Память святых соловецких угодников, почитание преподобных Зосимы и Савватия, и Германа, и прочих соловецких святых, любовь к ним, какое драгоценное наследие вручила мне моя милая родина, возлюбленный мой Север... Смала в родной семье я привык слышать святые имена! Зосимы и Савватия, привык видеть икону их, Соловецкий патерик любимейшая моя была книга, а литографированные картинки его первою моею были картинною галереею. И начал я копировать их, едва научась держать в руках карандаш. (Соловецкий патерик. С.-Петербург, 1873.) Патерик этот принадлежал тетеньке моей, отцовой сестре Глафире Васильевне. Когда они жили в доме Перова, что против собора, к соборной пристани, я еще был мал, но любил рисовать. Придя в гости ко крест-ному, я срисовывал и «вид» с циферблата старинных часов, и цветы из «Цветника-травника», и вот особенно мною любимые «виды» из помянутого патерика. Тетенька сама любила эту книгу, и я привык относиться к рисункам бережно. И теперь, спустя сорок лет, все цело...

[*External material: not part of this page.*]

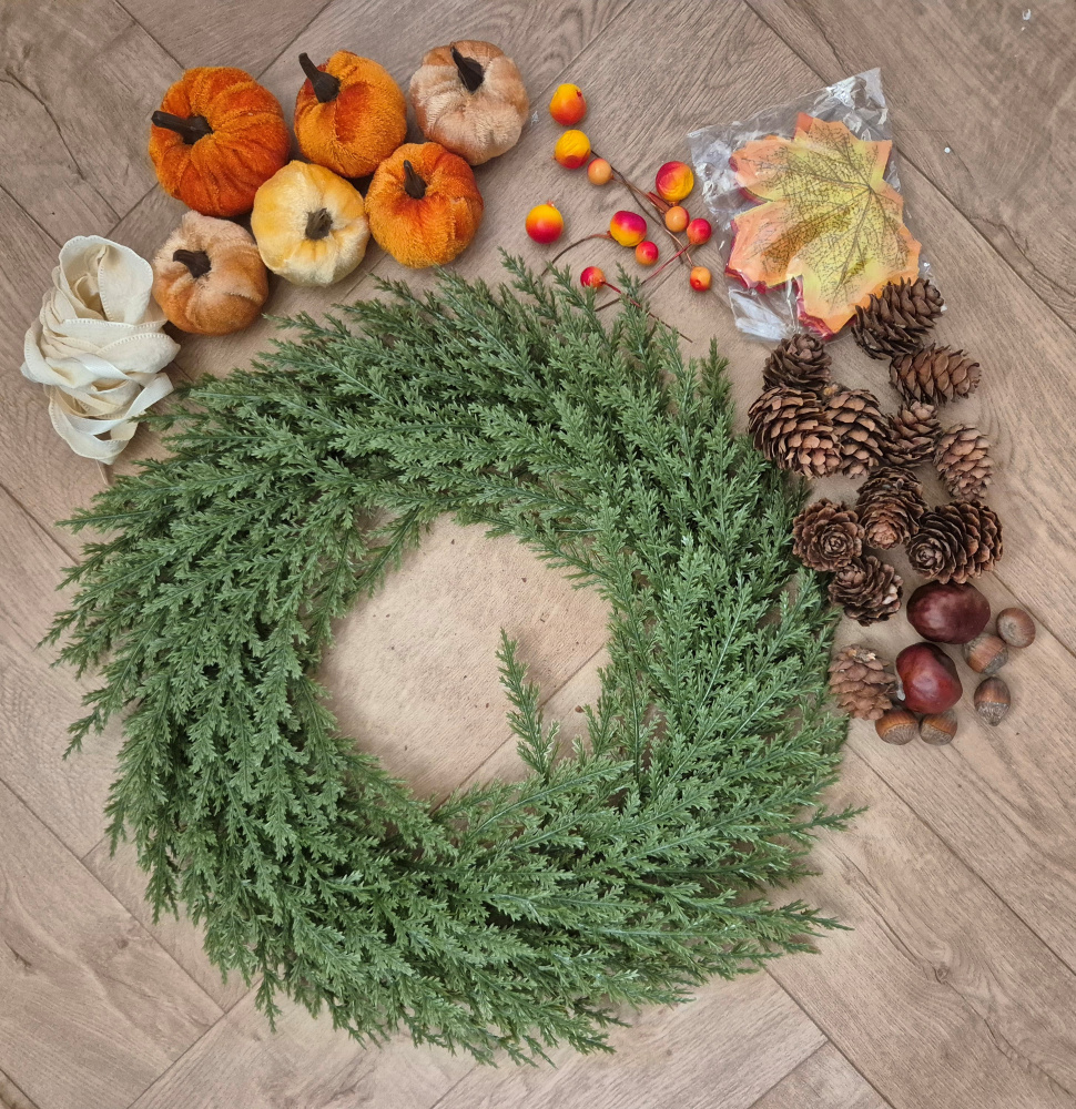 Egy igazán különleges, handmade élményt kínálok Neked: minden alapanyagot összekészítettem, amire szükséged lehet egy csodás, őszi hangulatú kopogtató elkészítéséhez.

Дорогие, любимые, заветные воспоминания... Город жил морем. Отец ходил в море. Он часто по рейсу мурманского парохода заходил на Святые острова. Иной год мать и тетки ездили к преподобным. Маленьких нас, ребят, брали не всегда. Надо плыть 16 часов морем, в хорошую пору лета. На Преображенье, на эту августовскую память преподобным, многое множество туда «ходило» богомольцев. От Соловецкой пристани, что на соломбальском острове (под Городом), отходили на празднество 3–4 августа соловецкие пароходы. Что сказку вспоминаю теперь эти пароходы... Золоченые кресты на высоких мачтах. Нос парохода, корма, основания мачт были украшены деревянной резьбой, ангелы, святые, цветы... все было раззолочено, расписано лазурью, киноварью, суриком, белилами. Команда на всех пароходах монастыря состояла из монахов. Только длинные волосы скуфейки выдавали чин ловких матросов... Вот пароходу, до отказу заполненному богомольцами (приехавшие из средней России со страхом ждут морской качки), время отваливать. Пароход свистит, стучит машина, гул толпы... И вдруг раздается голос штурмана: «Господи Иисусе Христе, святый Боже, помилуй нас!» Капитан, бородатый помор, в море состарившийся, обутый в нерпичьи бахилы, в кожаные штаны и морской бушлат (но на плечах его коротенькая — как бы воротник — манатейка), нахлобучивает на глаза соловецкий клобук, крепче накручивает на руку четки (четки и у всей команды) и, по-соловецки истово знаменуясь крестом, творит поясные поклоны. Сразу умолкнув, молится и тысячная толпа на берегу и на палубе, машине и в каютах: «Молитвами преподобных отец наших Зосимы и Савватия, Германа, Иринарха, Елизария Анзерского и прочих соловецких чудотворцев, Господи Иисусе Христе, святый Боже, помилуй нас!» «Аминь, аминь», — гудит толпа. Начинается дивный в летнюю пору путь открытым морем... Ночь, белая, сияющая, небеса и море сияют тихими перламутровыми переливами. Грань воды и неба теряется в золотом свете. Струящие жемчужное сияние небо и море... как створы перламутровой необъятной раковины... Мало кто спит. Чтется соловецким речитативным напевом жития преподобных. А тишина блаженная, умиленная... Запоют тихо тропарь: «Яко светильники явитеся всесветлые на отоке окияна-моря, преподобные...»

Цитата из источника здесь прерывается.